Working with the GeoMIP (and CMIP6) cloud-store#

This notebook demonstrates how to access and analyze GeoMIP G6sulfur data that’s hosted on the Google Cloud Storage in cloud-optimized (zarr) form.

  1. Connect to the Google Cloud CMIP6 catalog using intake-esm

  2. Search for G6sulfur and comparison scenarios (SSP2-4.5, SSP5-8.5)

  3. Load cloud-optimized Zarr data with preprocessing

  4. Create multi-model ensemble visualizations

  5. Recreate figures from published climate literature (Visioni et al., 2021)

The data was ingested into the store from ESGF by Julius Busecke, supported by Reflective, in August 2025.

See here for an overview of how to work with this kind of data: https://pangeo-data.github.io/pangeo-cmip6-cloud/accessing_data.html#loading-an-esm-collection

And here for some more specific guidance leap-stc/cmip6-leap-feedstock

Connect to the Google Cloud CMIP6 catalog#

We use intake-esm to connect to the Google Cloud-hosted CMIP6 catalog.
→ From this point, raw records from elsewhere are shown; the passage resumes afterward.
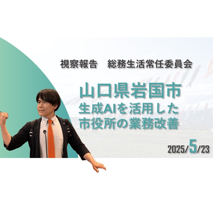 ホーム>政党・政治家>長田 たくや (ナガタ タクヤ)>【視察報告】 岩国市の生成AIを活用した業務改善について 【総務常任委員会】
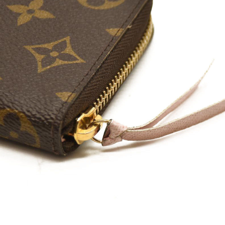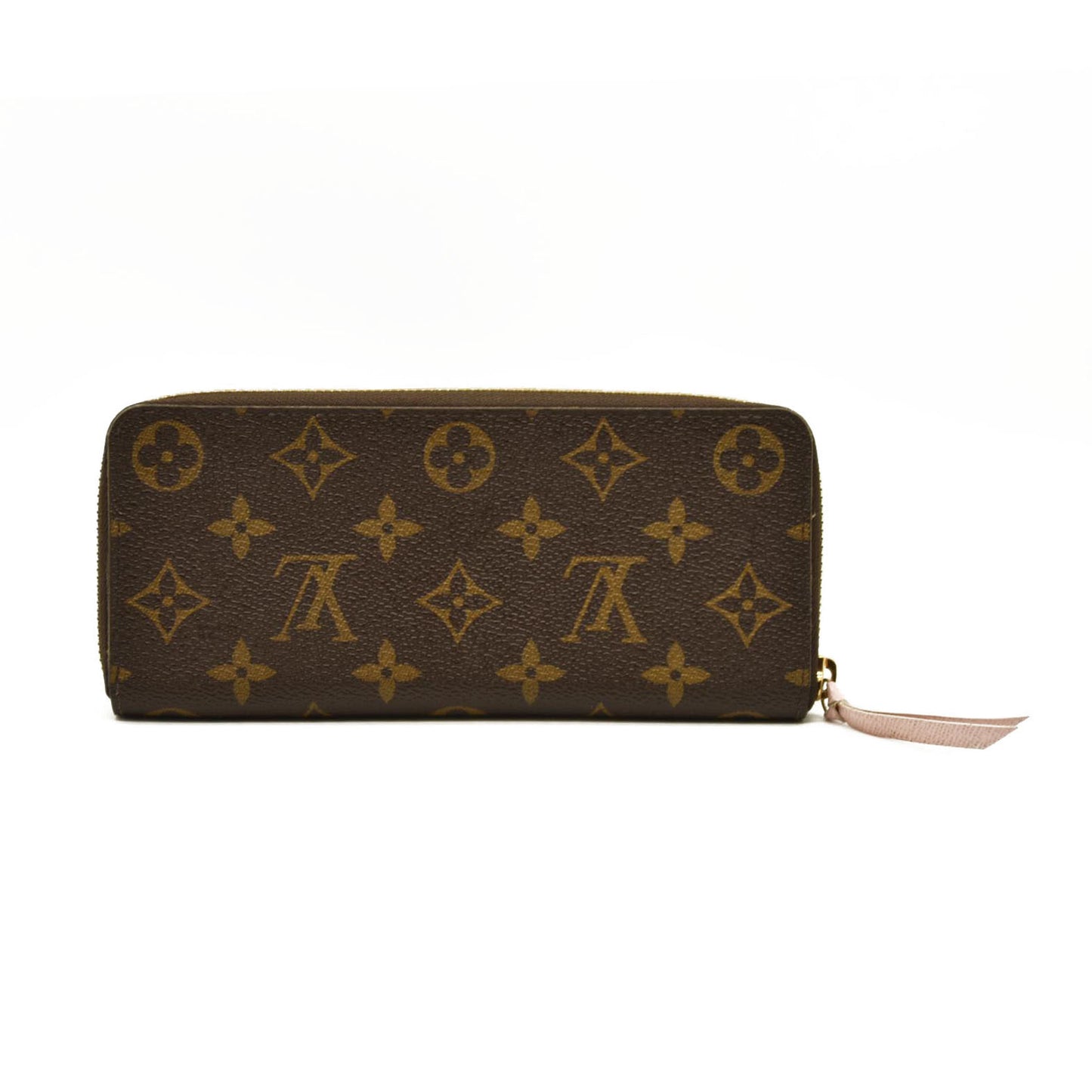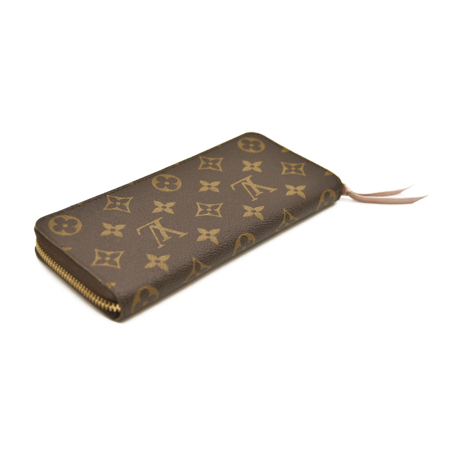 This is an authentic LOUIS VUITTON Monogram Clemence Wallet in Rose Ballerine. The wallet is crafted of traditional monogram toile canvas. The wallet opens with a polished brass wrap-around zipper to a partitioned light pink cross-grain leather interior with card slots, patch pockets, and a central zipper pocket.
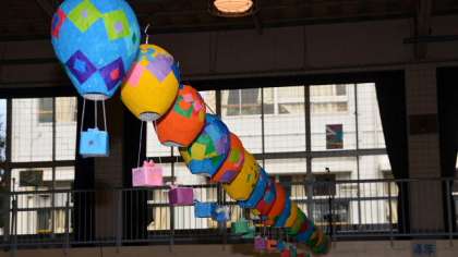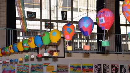 体育館頭上に展示した1年立体作品「ハッピー バルーン」風船に張り子をして、気球の型をつくりました。彩色して、ゴンドラには、かわいい人形を作って乗せました。どこへ旅に行くのか夢が広がります。
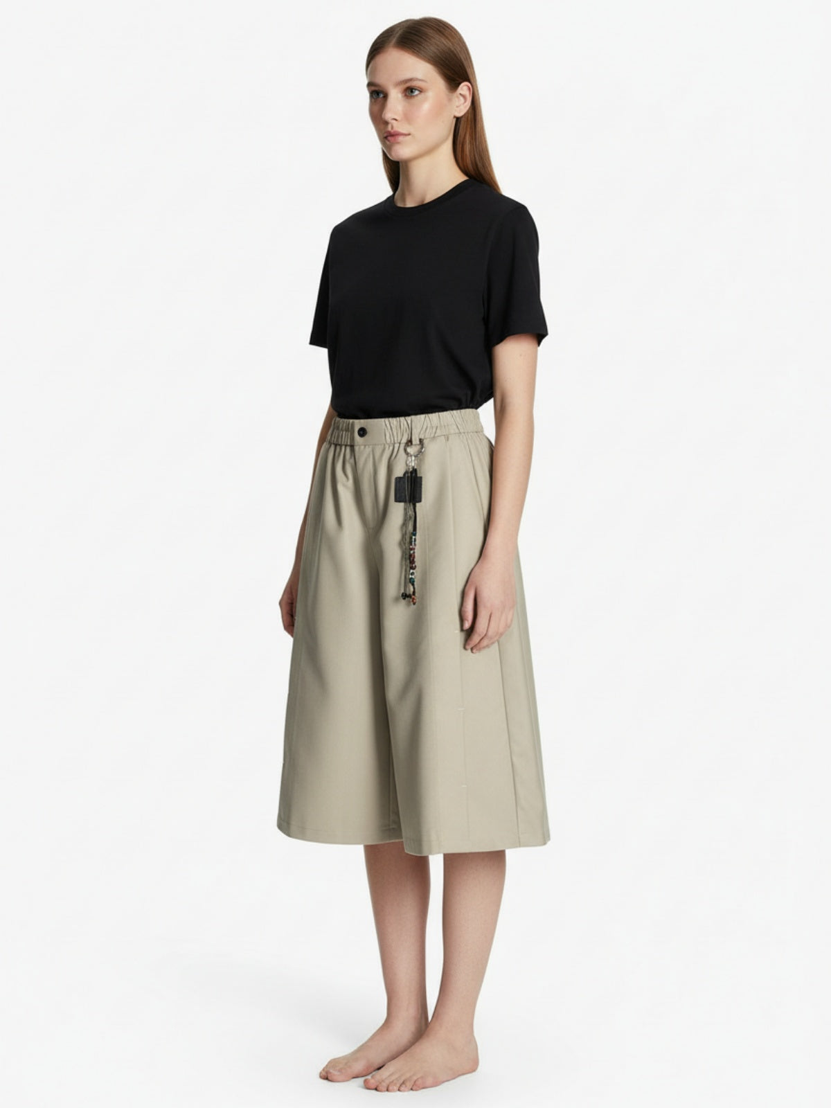 • Design Elements: Elastic waistband, decorative keychain accessory, relaxed fit
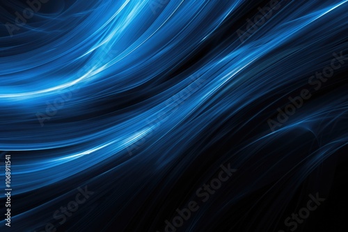 © Vlad, Fototapeta premium Abstract Fractal Blue Horizontal Lines - A Bright Aglow Pattern on Black Background
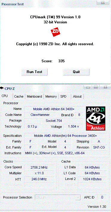 Overclocking processeur AMD Athlon 64 3400+ à 2.2 GHz @ 2.706 GHz
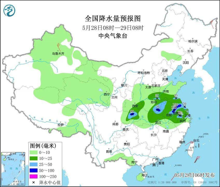 中央气象台5月28日06时继续发布暴雨蓝色预警:预计,5月28日08时至29日08时,陕西南部、四川东北部、重庆西北部、河南东部和南部、安徽西北部和中东部、江苏北部和中部、浙江西北部等地部分地区有大到暴雨,其中,安徽东部、江苏中部等地部分地区有大暴雨(100~150毫米)。上述部分地区伴有短时强降水(最大小时降雨量20~50毫米,局地可超过60毫米),局地有雷暴大风等强对流天气。
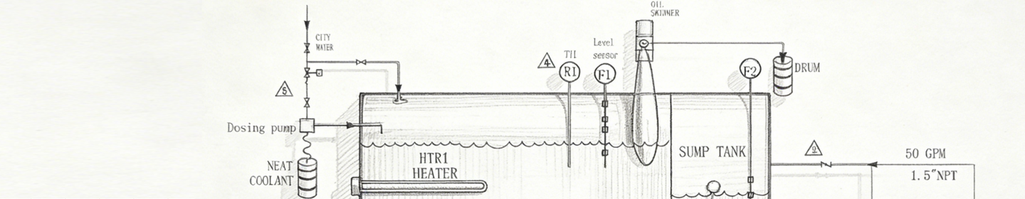 2.3 Pump P2 transfers the dirty coolant from the sump tank to the dirty tank, where it undergoes static separation, oil skimming, and particle sedimentation. After reheating, the coolant re-enters Step 1 for continuous circulation.
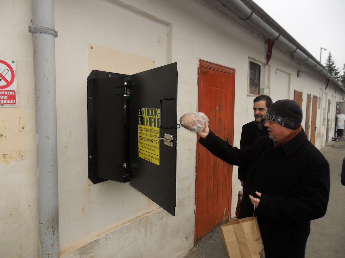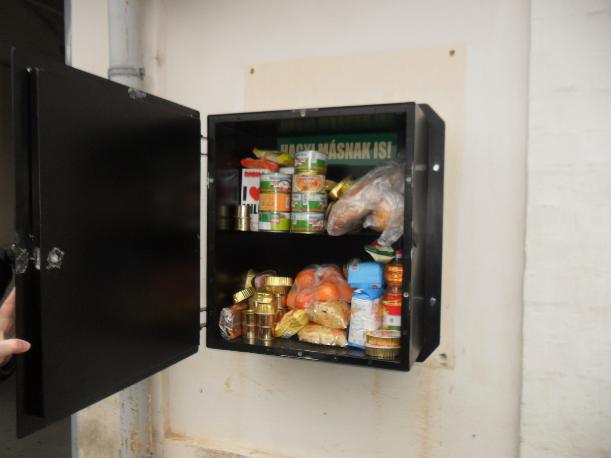 Egy mindig nyitva lévő szekrényt helyeztek el a pápai Piac épületének falára, ahová bárki bármikor betehet, vagy kivehet tartós élelmiszert. Az adománydobozt a történelmi felekezetek hozták létre.
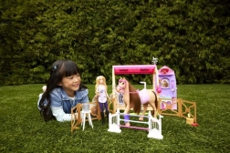 Játssz lovas napot a Barbie Ultimate Stable szettel, amely 360°-os játéktért és rengeteg kiegészítőt kínál a lógondozáshoz. A gyerekek segíthetnek Barbie babának az etetőállomáson, tisztításban és kefélésben a gondozó zónában, gyakorolhatják az ugrásokat az akadályokon, majd büszkén kiállíthatják a szalagokat a trófeafalon. Nem hiányzik a rózsaszín „plug and play” kert sem, és az istálló könnyen összehajtható az egyszerű tárolás érdekében.
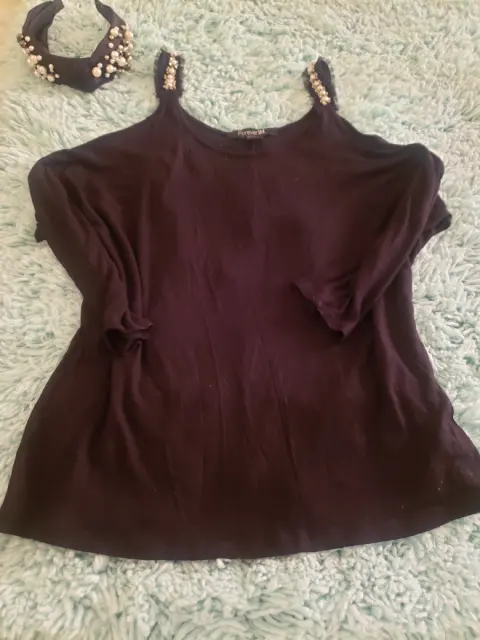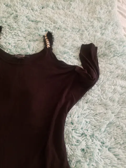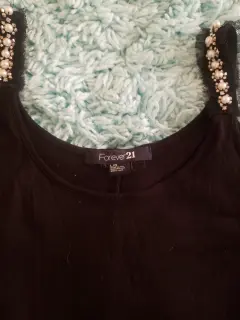 Bellisima blusa forever 21!!. Bella blusa fresca con tirantes adornados con perlas y encaje, color negro, solo q en la foto no sale bien el color. Dice talla L pero le voy más a M Pero esta bellisima.
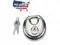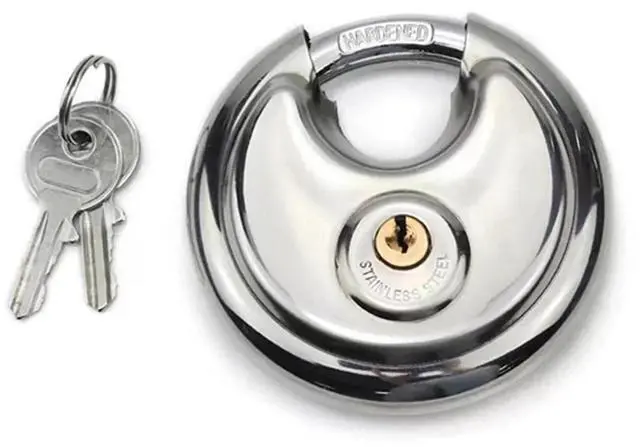 HIGH SECURITY: The shielded shackle of stainless steel discus lock will of cutter attempts on breaking it. Brass key cylinder and dual locking lever mechanism provides pick and pry resistance.

This catalog contains metadata about available datasets and provides access to cloud-optimized Zarr data.

Catalog options:

  • catalog.json: Only stores that pass current quality control tests (recommended)

  • catalog_noqc.json: Stores that fail quality control tests (for testing)

  • catalog_retracted.json: Stores that have been retracted by ESGF

The catalog acts as a searchable index of all available climate model data.

import intake # see https://intake-esm.readthedocs.io/en/stable/index.html

# uncomment/comment lines to swap catalogs; use the first, unless deliberately testing 
url = "https://storage.googleapis.com/cmip6/cmip6-pgf-ingestion-test/catalog/catalog.json" # Only stores that pass current tests
#url = "https://storage.googleapis.com/cmip6/cmip6-pgf-ingestion-test/catalog/catalog_noqc.json" # Only stores that fail current tests
# url = "https://storage.googleapis.com/cmip6/cmip6-pgf-ingestion-test/catalog/catalog_retracted.json" # Only stores that have been retracted by ESGF
col = intake.open_esm_datastore(url)

Search for GeoMIP and comparison data#

We search for surface air temperature (tas) data from:

  • Experiments: SSP2-4.5, SSP5-8.5, and G6sulfur

  • Frequency: Monthly atmospheric data (Amon)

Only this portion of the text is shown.